* _TASK PROMPT_:
Leave the pictures in the listing below aside and reproduce exactly the lines starting with the one with "A Mesa de Cabeceira Mango" and going on through the one with "Tautropfen-belegt bleiben, wohl", both ends included.

* _THE RECORDS_:
▼▼▼

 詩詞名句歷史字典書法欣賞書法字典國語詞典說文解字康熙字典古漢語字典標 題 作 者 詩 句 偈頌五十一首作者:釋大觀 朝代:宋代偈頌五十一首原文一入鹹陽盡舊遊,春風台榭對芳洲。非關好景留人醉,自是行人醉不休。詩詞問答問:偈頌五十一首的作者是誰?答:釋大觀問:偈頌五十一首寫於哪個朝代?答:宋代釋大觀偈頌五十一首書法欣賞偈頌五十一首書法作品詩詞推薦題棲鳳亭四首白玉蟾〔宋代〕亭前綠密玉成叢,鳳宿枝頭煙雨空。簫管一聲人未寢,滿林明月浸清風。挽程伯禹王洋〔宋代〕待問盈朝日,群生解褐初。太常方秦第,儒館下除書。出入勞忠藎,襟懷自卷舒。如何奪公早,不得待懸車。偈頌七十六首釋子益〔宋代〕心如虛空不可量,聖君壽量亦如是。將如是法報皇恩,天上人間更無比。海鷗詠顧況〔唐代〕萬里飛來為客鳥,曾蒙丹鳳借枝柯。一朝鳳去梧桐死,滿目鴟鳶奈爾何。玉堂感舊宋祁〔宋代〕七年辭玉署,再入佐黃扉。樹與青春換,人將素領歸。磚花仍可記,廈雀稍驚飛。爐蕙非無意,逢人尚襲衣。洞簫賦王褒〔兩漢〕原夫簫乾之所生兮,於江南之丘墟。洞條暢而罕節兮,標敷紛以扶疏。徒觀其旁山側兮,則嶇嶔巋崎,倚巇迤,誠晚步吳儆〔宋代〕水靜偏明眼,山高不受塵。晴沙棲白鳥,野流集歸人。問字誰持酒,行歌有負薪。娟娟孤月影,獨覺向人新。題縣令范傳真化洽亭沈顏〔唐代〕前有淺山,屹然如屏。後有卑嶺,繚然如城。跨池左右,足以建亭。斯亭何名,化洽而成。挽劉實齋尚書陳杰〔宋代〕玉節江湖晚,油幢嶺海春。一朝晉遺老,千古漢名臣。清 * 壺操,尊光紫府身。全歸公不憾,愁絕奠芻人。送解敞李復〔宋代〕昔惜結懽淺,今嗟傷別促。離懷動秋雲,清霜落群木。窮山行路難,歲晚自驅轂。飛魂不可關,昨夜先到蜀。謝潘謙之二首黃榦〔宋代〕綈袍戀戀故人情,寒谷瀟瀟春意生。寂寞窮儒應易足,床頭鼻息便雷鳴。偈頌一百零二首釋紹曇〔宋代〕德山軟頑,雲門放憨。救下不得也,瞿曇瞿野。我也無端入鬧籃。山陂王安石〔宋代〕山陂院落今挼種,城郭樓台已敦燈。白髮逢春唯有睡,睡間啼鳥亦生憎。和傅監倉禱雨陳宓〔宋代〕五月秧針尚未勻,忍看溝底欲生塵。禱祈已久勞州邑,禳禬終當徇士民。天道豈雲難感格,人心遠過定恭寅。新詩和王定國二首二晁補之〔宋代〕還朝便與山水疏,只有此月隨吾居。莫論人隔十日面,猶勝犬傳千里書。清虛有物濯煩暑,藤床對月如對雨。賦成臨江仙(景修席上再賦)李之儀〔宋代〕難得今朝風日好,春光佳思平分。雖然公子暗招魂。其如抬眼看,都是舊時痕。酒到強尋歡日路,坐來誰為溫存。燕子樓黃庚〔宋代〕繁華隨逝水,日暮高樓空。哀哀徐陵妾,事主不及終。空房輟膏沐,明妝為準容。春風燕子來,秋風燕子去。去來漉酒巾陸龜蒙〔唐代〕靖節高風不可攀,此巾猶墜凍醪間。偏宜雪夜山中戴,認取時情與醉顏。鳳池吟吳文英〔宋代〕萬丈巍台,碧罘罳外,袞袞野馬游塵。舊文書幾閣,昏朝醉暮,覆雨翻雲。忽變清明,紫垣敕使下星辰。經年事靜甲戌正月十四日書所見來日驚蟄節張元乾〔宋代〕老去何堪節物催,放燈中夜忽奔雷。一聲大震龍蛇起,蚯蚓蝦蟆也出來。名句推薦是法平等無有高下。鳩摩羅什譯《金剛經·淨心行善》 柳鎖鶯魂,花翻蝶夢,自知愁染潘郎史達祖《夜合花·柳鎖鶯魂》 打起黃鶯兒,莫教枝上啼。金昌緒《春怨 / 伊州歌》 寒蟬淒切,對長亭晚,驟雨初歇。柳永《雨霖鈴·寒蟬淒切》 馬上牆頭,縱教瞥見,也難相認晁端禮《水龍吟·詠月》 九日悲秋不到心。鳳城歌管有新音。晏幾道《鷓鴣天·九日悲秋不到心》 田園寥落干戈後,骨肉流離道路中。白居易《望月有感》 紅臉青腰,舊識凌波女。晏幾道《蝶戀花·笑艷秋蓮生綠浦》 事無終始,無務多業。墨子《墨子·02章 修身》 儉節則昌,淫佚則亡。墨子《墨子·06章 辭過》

▲▲▲
▼▼▼

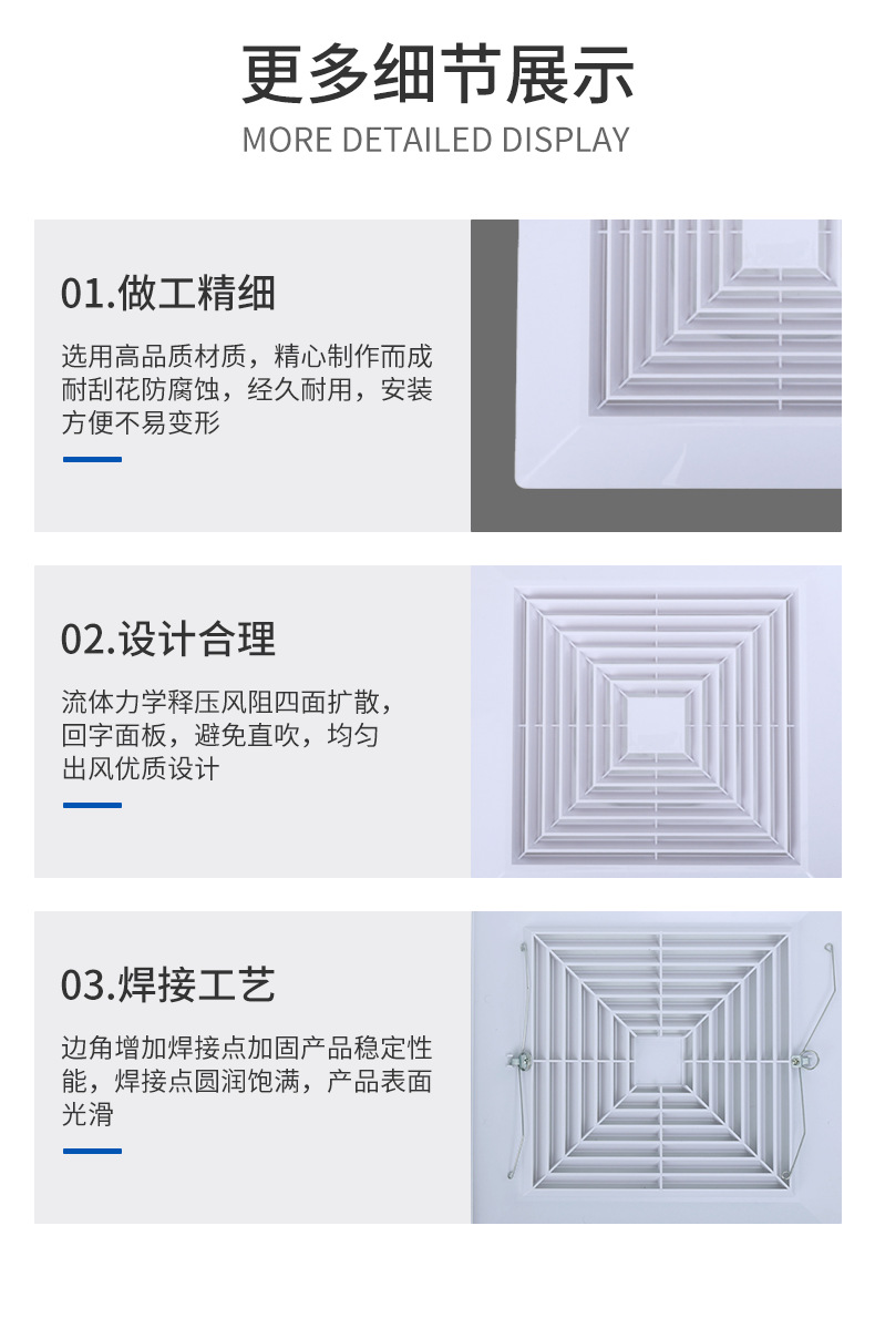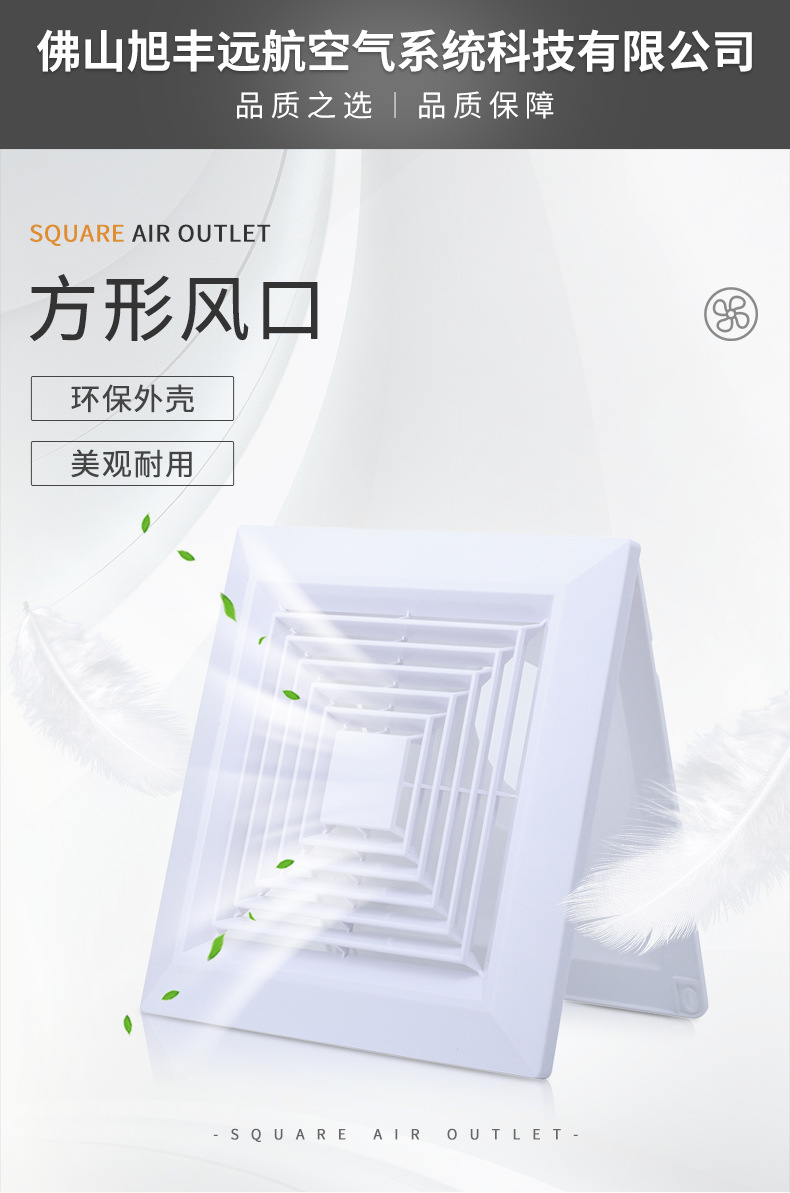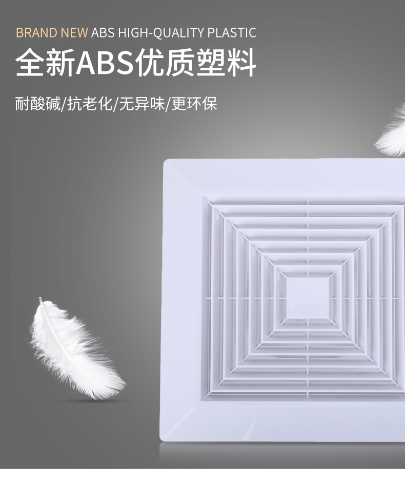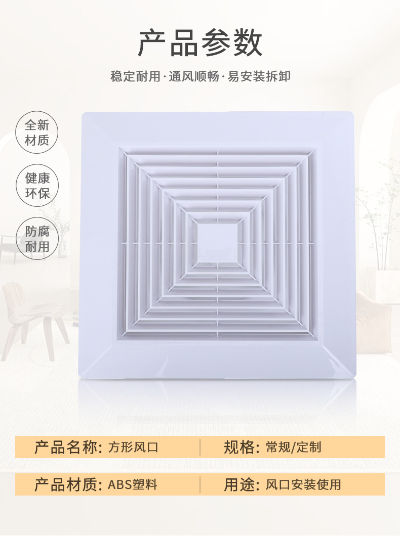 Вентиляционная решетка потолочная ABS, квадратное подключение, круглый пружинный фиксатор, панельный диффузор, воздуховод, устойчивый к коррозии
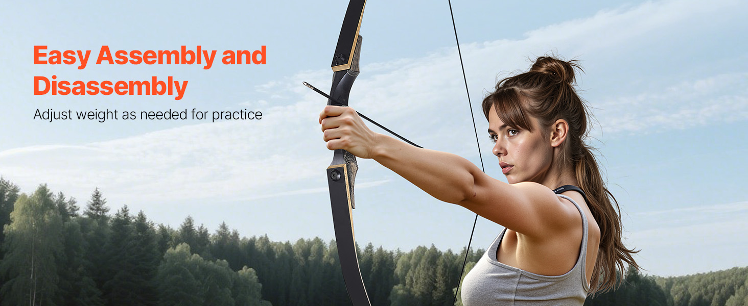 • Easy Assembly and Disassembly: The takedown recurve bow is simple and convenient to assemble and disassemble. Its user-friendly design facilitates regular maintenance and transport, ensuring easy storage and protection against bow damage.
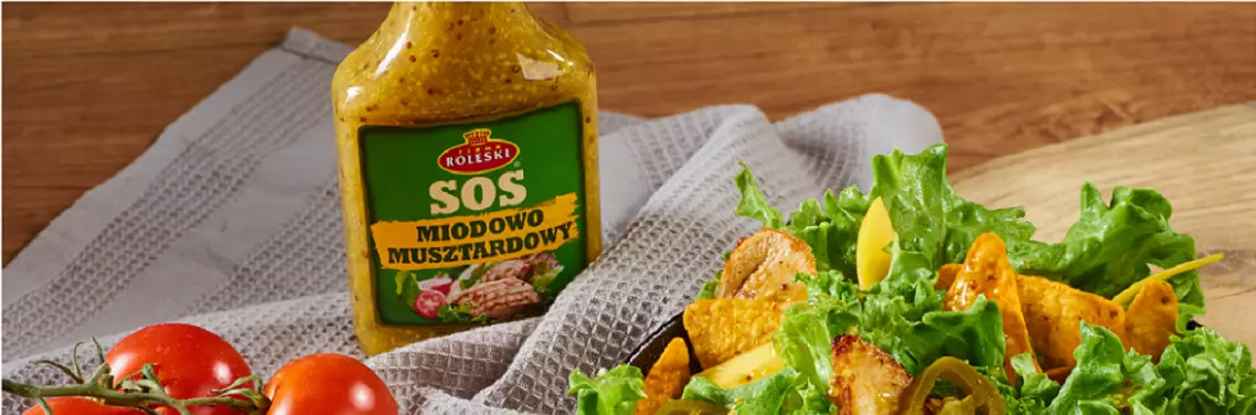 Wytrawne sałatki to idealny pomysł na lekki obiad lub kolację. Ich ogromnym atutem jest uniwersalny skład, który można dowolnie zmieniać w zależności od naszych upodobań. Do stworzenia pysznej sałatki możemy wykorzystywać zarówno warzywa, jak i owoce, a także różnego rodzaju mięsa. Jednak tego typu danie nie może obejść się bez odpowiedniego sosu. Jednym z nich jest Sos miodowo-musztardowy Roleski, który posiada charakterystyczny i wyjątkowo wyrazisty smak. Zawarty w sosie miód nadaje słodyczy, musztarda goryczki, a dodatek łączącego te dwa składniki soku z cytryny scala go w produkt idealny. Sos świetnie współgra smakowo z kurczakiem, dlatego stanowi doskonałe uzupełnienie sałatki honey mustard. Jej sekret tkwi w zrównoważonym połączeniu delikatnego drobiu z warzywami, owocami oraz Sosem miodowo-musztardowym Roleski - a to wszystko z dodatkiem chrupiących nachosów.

▲▲▲
▼▼▼

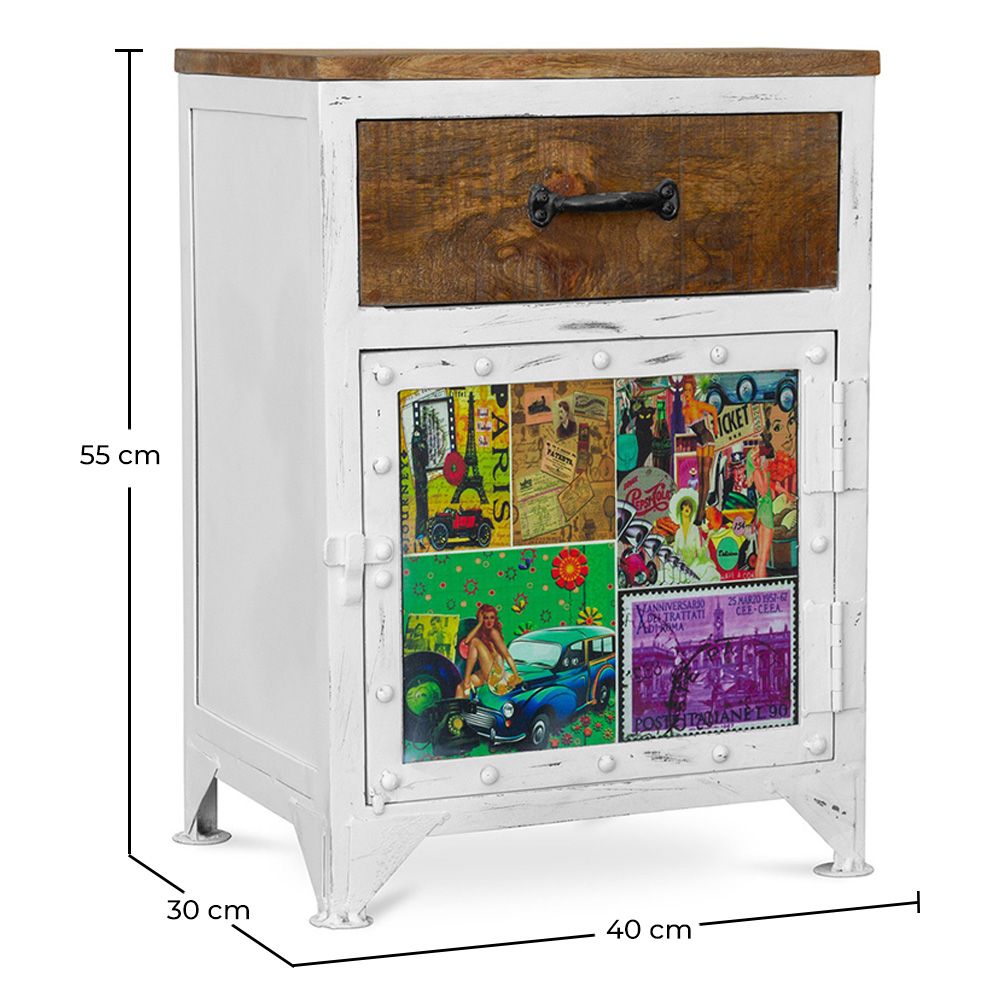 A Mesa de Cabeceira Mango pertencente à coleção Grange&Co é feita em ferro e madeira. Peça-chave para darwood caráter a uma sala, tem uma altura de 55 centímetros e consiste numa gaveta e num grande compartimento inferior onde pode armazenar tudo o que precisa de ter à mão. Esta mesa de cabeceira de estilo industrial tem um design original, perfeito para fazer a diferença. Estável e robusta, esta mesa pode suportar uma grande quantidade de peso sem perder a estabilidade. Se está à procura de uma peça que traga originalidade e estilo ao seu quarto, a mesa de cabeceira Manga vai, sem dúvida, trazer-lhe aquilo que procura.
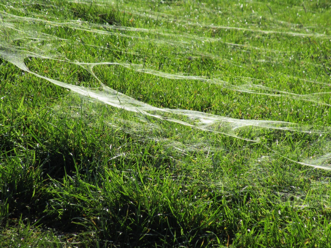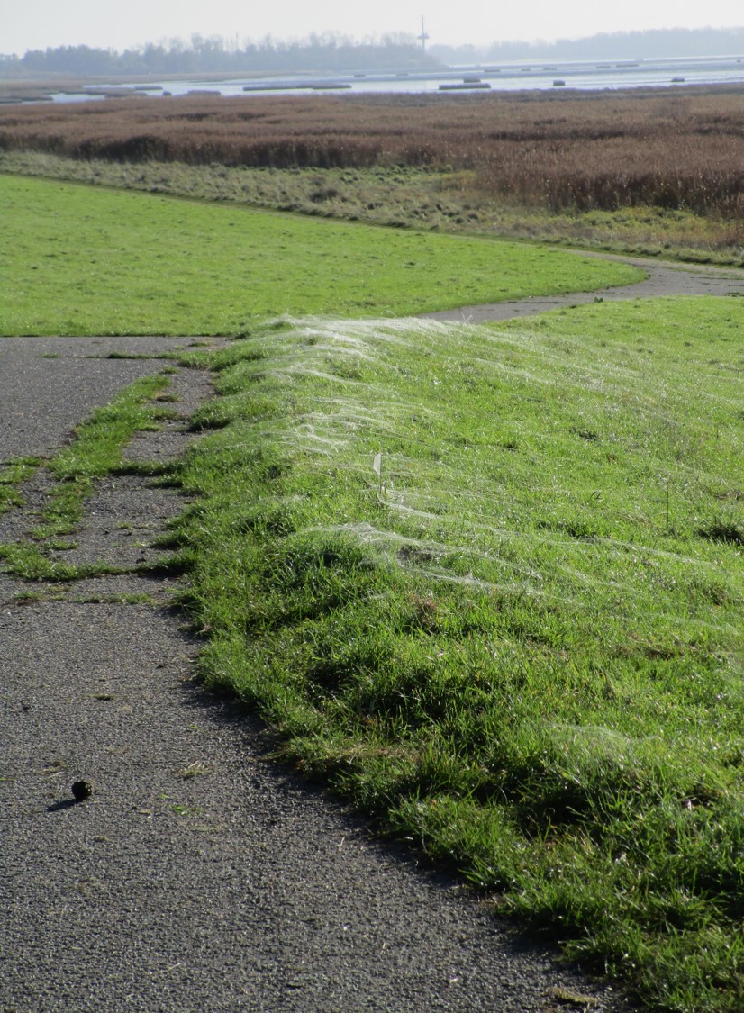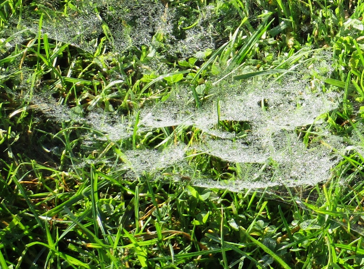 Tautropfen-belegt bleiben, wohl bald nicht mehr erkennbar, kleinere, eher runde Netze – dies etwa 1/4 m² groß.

▲▲▲

* _EXERCISE OUTPUT_:
 A Mesa de Cabeceira Mango pertencente à coleção Grange&Co é feita em ferro e madeira. Peça-chave para darwood caráter a uma sala, tem uma altura de 55 centímetros e consiste numa gaveta e num grande compartimento inferior onde pode armazenar tudo o que precisa de ter à mão. Esta mesa de cabeceira de estilo industrial tem um design original, perfeito para fazer a diferença. Estável e robusta, esta mesa pode suportar uma grande quantidade de peso sem perder a estabilidade. Se está à procura de uma peça que traga originalidade e estilo ao seu quarto, a mesa de cabeceira Manga vai, sem dúvida, trazer-lhe aquilo que procura.
 Tautropfen-belegt bleiben, wohl bald nicht mehr erkennbar, kleinere, eher runde Netze – dies etwa 1/4 m² groß.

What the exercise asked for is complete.